- [ACTION ITEM]: An exact transcription of the listing, without its images, is what the answer must contain.

START SUPPLIED MATERIAL

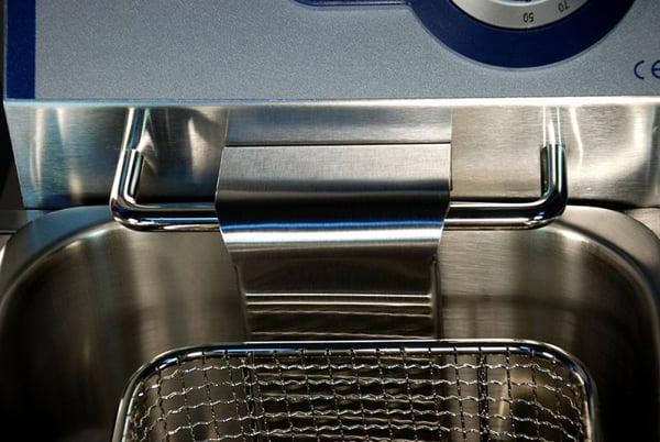 Корпус та робочі деталі виконані з нержавіючої сталі. Сталеві міцні кошики обладнані термоізольова-ною ручкою. Апарат легко розкладається для санітарної обробки.
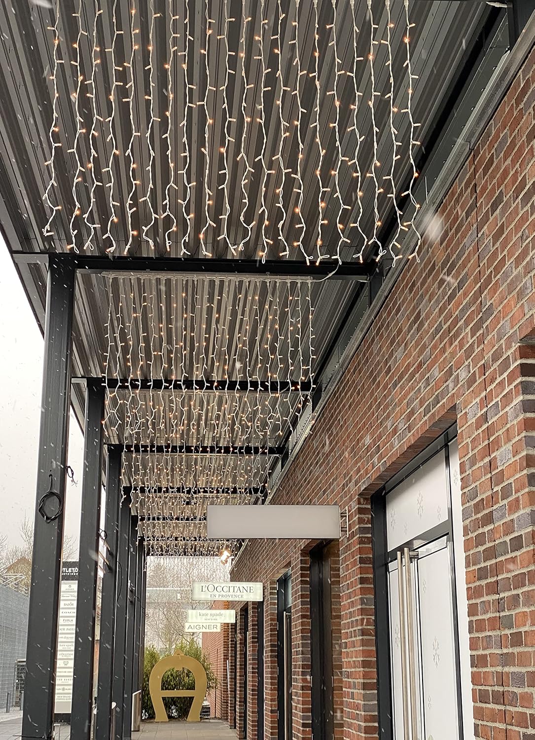 Effetto cascata a LED per un'atmosfera incantevole - 200 LED a luce calda con 180 fissi calda e 20 intermittenti fredda, perfetti per decorare spazi esterni durante festività e serate invernali
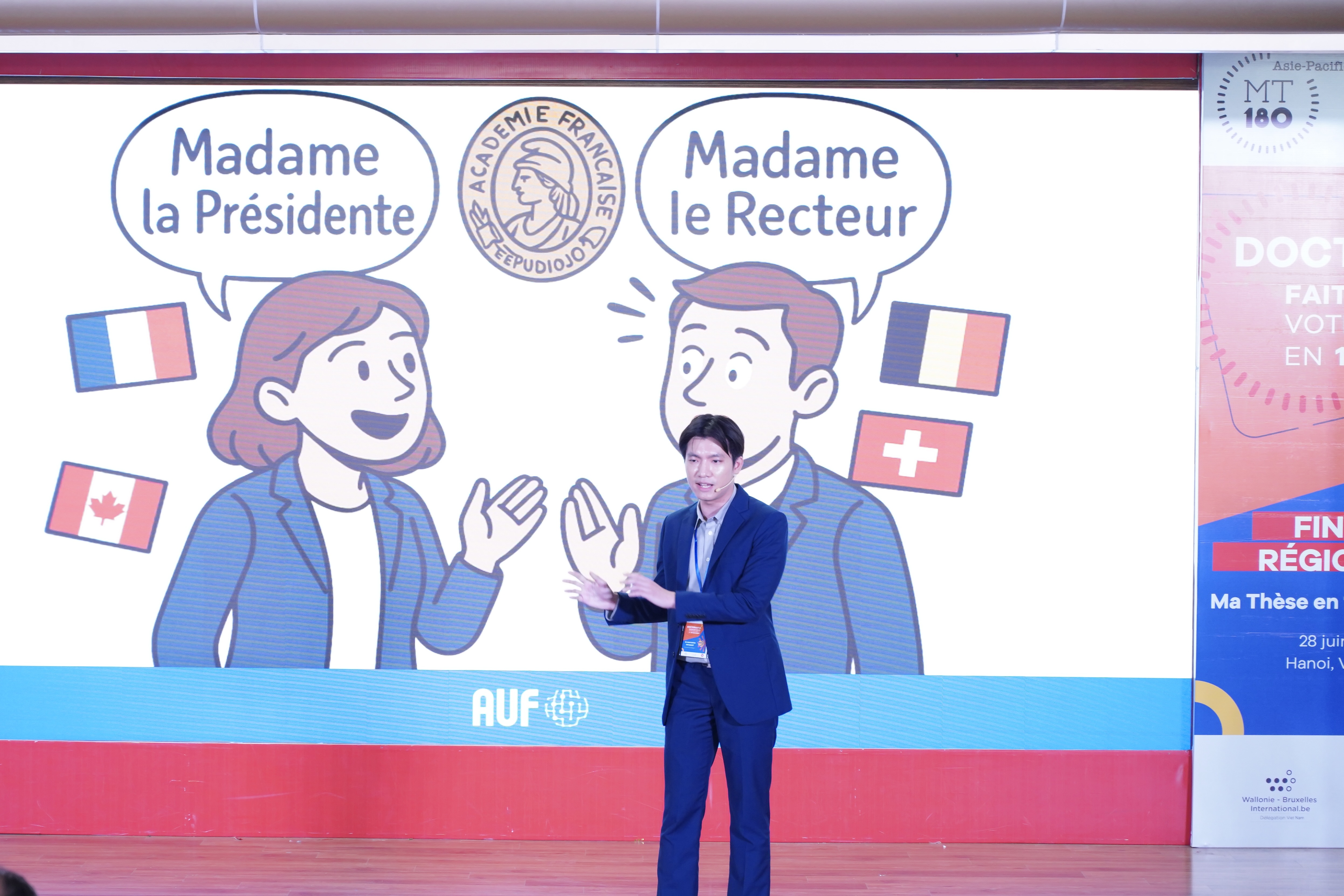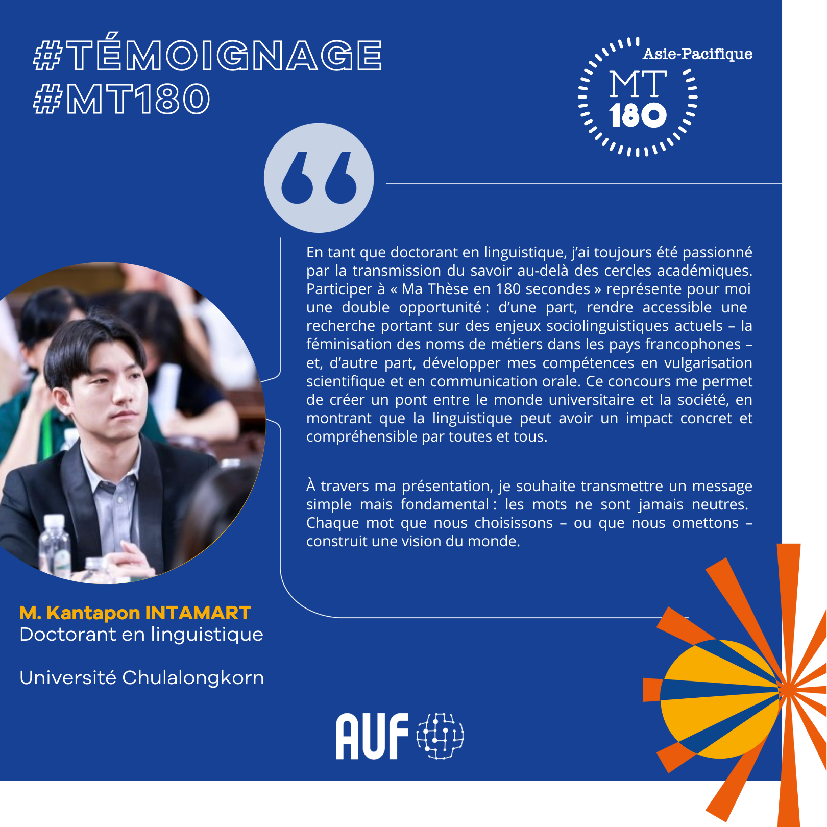 « En tant que doctorant en linguistique, j’ai toujours été passionné par la transmission du savoir au-delà des cercles académiques. Participer à « Ma Thèse en 180 secondes » représente pour moi une double opportunité : d’une part, rendre accessible une recherche portant sur des enjeux sociolinguistiques actuels – la féminisation des noms de métiers dans les pays francophones – et, d’autre part, développer mes compétences en vulgarisation scientifique et en communication orale. Ce concours me permet de créer un pont entre le monde universitaire et la société, en montrant que la linguistique peut avoir un impact concret et compréhensible par toutes et tous. À travers ma présentation, je souhaite transmettre un message simple mais fondamental : les mots ne sont jamais neutres. Chaque mot que nous choisissons – ou que nous omettons – construit une vision du monde. » – a partagé M. Kantapon INTAMART.

END SUPPLIED MATERIAL

- [SOLUTION FOR THIS PROBLEM]:
 Корпус та робочі деталі виконані з нержавіючої сталі. Сталеві міцні кошики обладнані термоізольова-ною ручкою. Апарат легко розкладається для санітарної обробки.
 Effetto cascata a LED per un'atmosfera incantevole - 200 LED a luce calda con 180 fissi calda e 20 intermittenti fredda, perfetti per decorare spazi esterni durante festività e serate invernali
 « En tant que doctorant en linguistique, j’ai toujours été passionné par la transmission du savoir au-delà des cercles académiques. Participer à « Ma Thèse en 180 secondes » représente pour moi une double opportunité : d’une part, rendre accessible une recherche portant sur des enjeux sociolinguistiques actuels – la féminisation des noms de métiers dans les pays francophones – et, d’autre part, développer mes compétences en vulgarisation scientifique et en communication orale. Ce concours me permet de créer un pont entre le monde universitaire et la société, en montrant que la linguistique peut avoir un impact concret et compréhensible par toutes et tous. À travers ma présentation, je souhaite transmettre un message simple mais fondamental : les mots ne sont jamais neutres. Chaque mot que nous choisissons – ou que nous omettons – construit une vision du monde. » – a partagé M. Kantapon INTAMART.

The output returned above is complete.